British Prime Minister Theresa May says her government has concluded it is "highly likely" Russia is responsible for the poisoning of an ex-spy and his daughter with a military-grade nerve agent.

May told British lawmakers on Monday that Sergei Skripal and his daughter, Yulia, were exposed to a nerve agent known as Novichok, a weapon developed in the Soviet Union in the end of the Cold War.

By some estimates, hundreds of local people may have been exposed to the dangerous nerve agent.

In case this isn't obvious, the United Kingdom, a pillar of NATO and a nuclear-armed state, came awfully close to saying Russia launched an attack on their sovereign soil. Indeed, the British prime minister specifically declared yesterday, "Either this was a direct act by the Russian state against our country, or the Russian government lost control of this potentially catastrophically damaging nerve agent and allowed it to get into the hands of others."

And so, naturally, attention then turned to the United States. Would Donald Trump's White House stand arm-in-arm with one of America's closest allies after an apparent Russian attack?

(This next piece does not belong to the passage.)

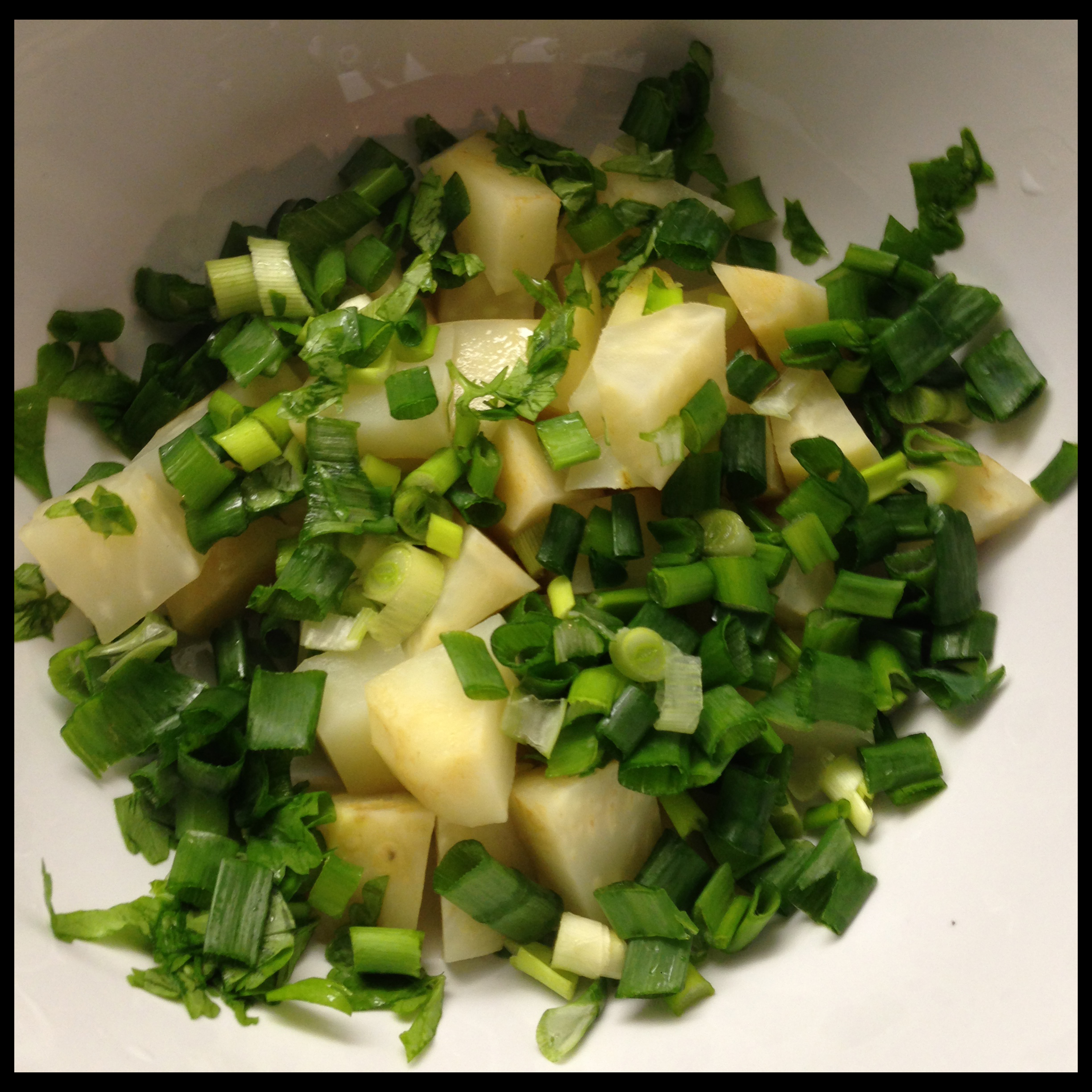 5. When celery is ready, take it out of steamer and put into a big bowl. Add spring onions and parsley. Finally, add the sauce mixture and mix them well altogether. Add some salt and pepper in the end.
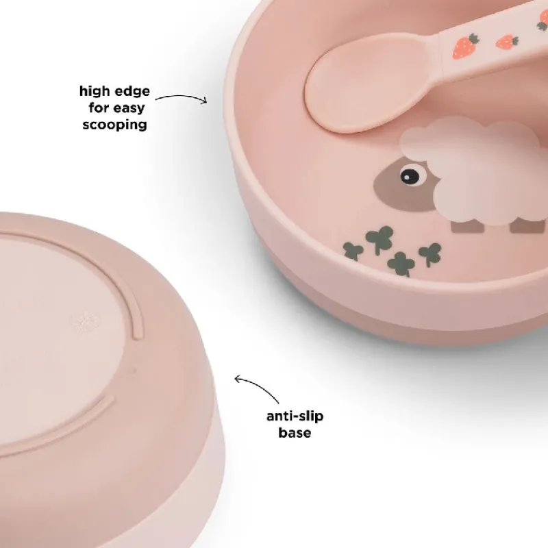 En praktisk antiskrid-base sikrer, at skålen bliver på sin plads under måltidet

A reporter yesterday asked the president's press secretary, Sarah Huckabee Sanders, if there will be "any repercussions for Russia from the United States, in coordination with its British allies." Sanders replied that the United States condemns the attack, adding, "We stand by our closest ally and the special relationship that we have."

Pressed further, however, Sanders refused to say that Russia was behind the incident. The White House spokesperson also wouldn't endorse Theresa May's conclusions.